Commercial space industries are emergent, bolstered by new exciting rocket systems, orbital and landing vehicles, the creation of multi-country orbital platforms, satellite technology, the renewed promise of low Earth orbit (LEO) business opportunities, as well as promised planetary exploration [1]. The anticipation of Moon and Mars landings by remote vehicles and advertised human exploration overwhelm the space news of the day [2]. Yet the excitement we fear is reaching a crescendo, which foreshadows outcomes fated to result in profound disappointment if specific, critically important human factors and systems’ physiology are not methodically addressed. While the advent of mechanical and digital machine technology has leapt ahead, disproportionately little attention has been devoted to the human protoplasm that will reside within these magnificently engineered vehicles [3]. Here, we will review the particular salient points of and challenges to human health maintenance in extraterrestrial environments and how those factors will ultimately govern the success of humankind to enact plans to work in and colonize space.
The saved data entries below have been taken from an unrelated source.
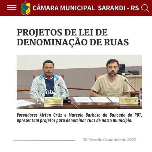 A Câmara de Vereadores de Sarandi, começou a discutir três novos Projetos de Lei do Legislativo de denominação de ruas.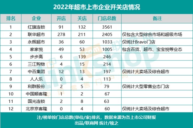 據(jù)聯(lián)商網(wǎng)零售研究中心統(tǒng)計(jì),12家超市上市企業(yè)在2022年新開481家門店,卻關(guān)閉了646家門店;截至2022年末,12家超市上市企業(yè)門店總數(shù)9043家。(注:多數(shù)企業(yè)均統(tǒng)計(jì)大賣場(chǎng)、綜合超市等大型門店)
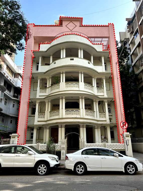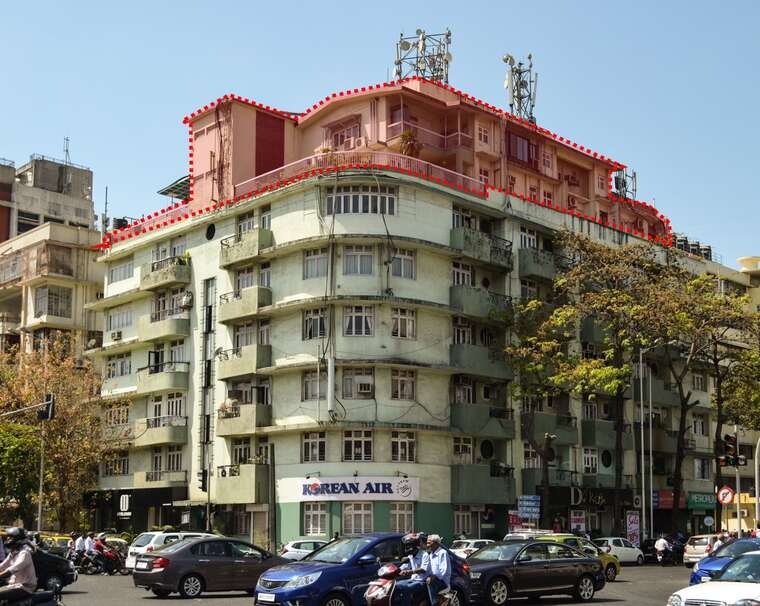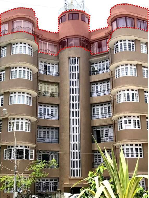 Empress Court, a prominent street corner facing building opposite Oval Maidan, was originally a G+5 structure (as seen in the archival image in Figure 20). The additional sixth floor follows the original building lines, but has a different design in the central portion. Two nautical inspired canopies on the original terrace were lost in the process of this floor addition.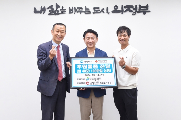 이날 시장실에서 전달식에는 공임나라 이정호 대표와 기정미 공동대표, 의정부명지회 이호직 회장 및 관계자 등 7명이 참석했다.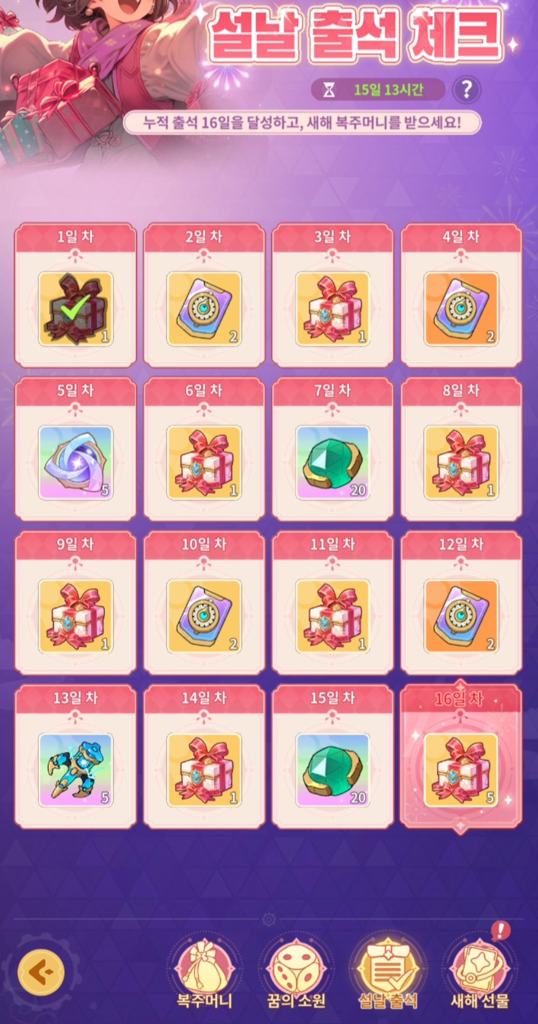 - 매일 매일 접속해 누적 출석 16일을 달성하면 새해 복주머니 지급!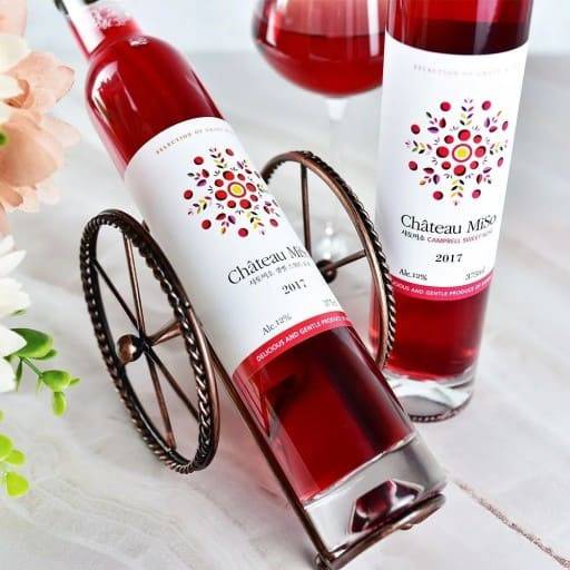 충북 영동의 도란원 와이너리에서 생산된 '샤토미소 캠벨 스위트 로제'는 한국 로제 와인의 대표주자로 자리매김하고 있습니다. 옅은 진홍 빛깔이 특징적인 이 와인은 자두, 살구, 복숭아의 풍부한 향기와 함께 우리나라 고유의 토속적인 매력을 느낄 수 있습니다.
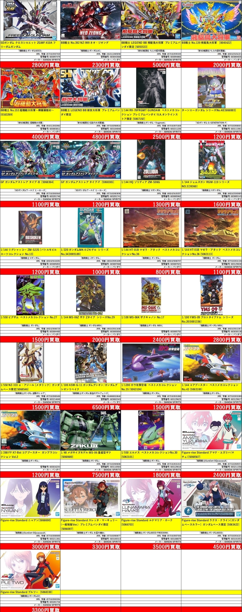 掲載価格は完品美品中袋未開封品の買取価格です。品物の状態、在庫状況や市場価格によって買取価格は変動します。掲載アイテムはあらかじめ分けてお持ち込みください。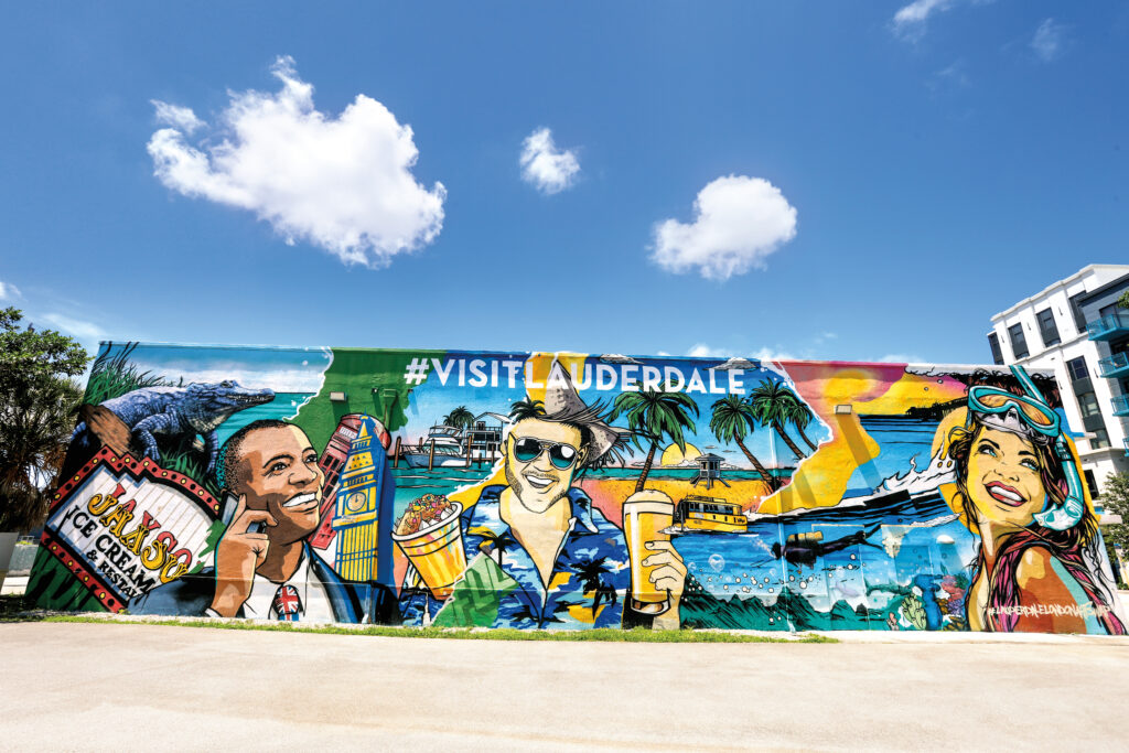 A vibrant mural by David Muir in the Flagler Arts and Technology District (FATVillage), Fort Lauderdale’s creative hub for local art and innovation. Photo courtesy of Visit Lauderdale.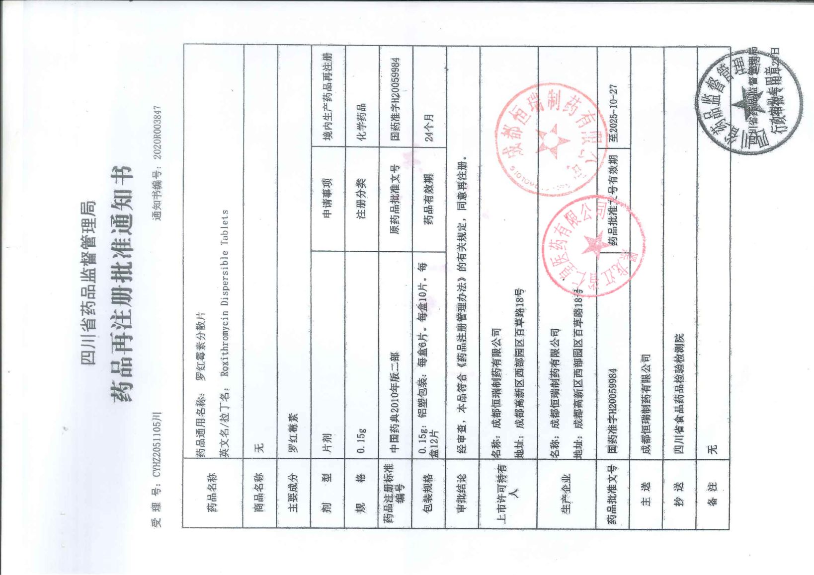 羅紅霉素分散片成都恒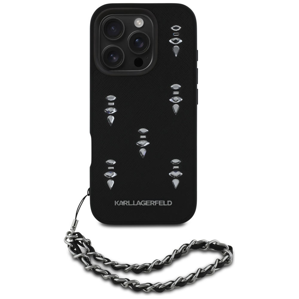 Design krytu je inspirován ikonickým stylem Karla Lagerfelda. Povrch je zpracován v oblíbené Saffiano textuře, která je známá svou odolností proti poškrábání a otiskům prstů, a zároveň dodává krytu luxusní vzhled a příjemný pocit na dotek. Dominantním prvkem je decentní, avšak výrazné logo Karla Lagerfelda, které je doplněno třpytivými krystaly a elegantním přívěskem (charmem), dodávajícím celku hravý a šik nádech. Přesné výřezy zajišťují snadný přístup ke všem tlačítkům a portům, zatímco zvýšené okraje chrání displej a fotoaparát před poškozením.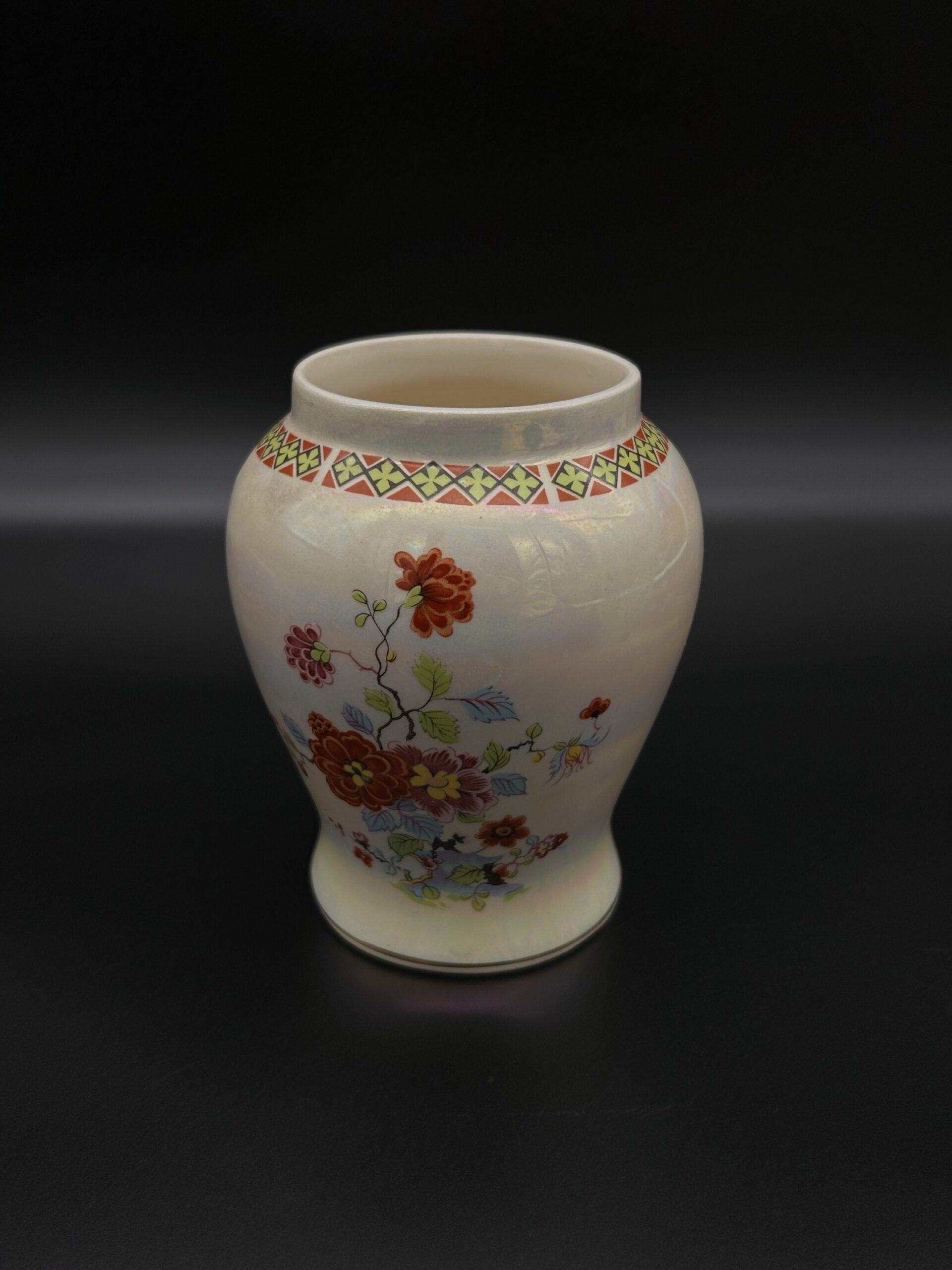 Wazon z połyskiem perłowym i barwnym motywem kwiatowym.

What are these health “challenges” or “factors” obstructing the critical pathway to our realization of space business industrialization and new world colonies? Answering this question requires the assessment of a fundamental imbalance in the human physiology observed in space flight and reduced gravity environments. The “imbalance” is one of the known common denominators in physiological regulation, which is oxidative stress and damage (OSaD) elicited by reactive oxygen and nitrogen species (RONS) [4,5,6]. Indeed, contributions to this syndrome may stem from concomitant hyper-exposure to several toxic factors, including the explicitly increased high energy radiation, reduced gravity or microgravity (μG), hypoxia and hyperoxia conditions observed in each and every extravehicular activity (EVA), and the inevitable inhalation of Moon and Mars dust and/or regolith attendant to prolonged planetary exploration [4,5,6,7]. These first two factors (radiation and μG) continue to be routinely investigated and considerable data have been accumulated in the popular and scientific literature, reflecting the impact on the OSaD coefficient via genomic, proteomic, and metabolomic responses [3,4,5,6,7,8,9,10,11]. However, variances in gas content and pressures, and the induction of potentially toxic dust/regolith particles into the physiology has to date not been interrogated significantly in the research literature, especially in the context of the combinatorial threat of all these major factors impacting the physiology simultaneously. To address multiple OSaD factors in chorus with one another, the choice of research model is critical and certainly the likelihood that multiple models may need to be employed is warranted. The current scientific literature documents have extensively employed rodent and human physiological platforms to evaluate OSaD generated toxic effects, spanning many different physiological and analytical subsystem models [6,7,8,9,10,11,12,13,14,15,16,17].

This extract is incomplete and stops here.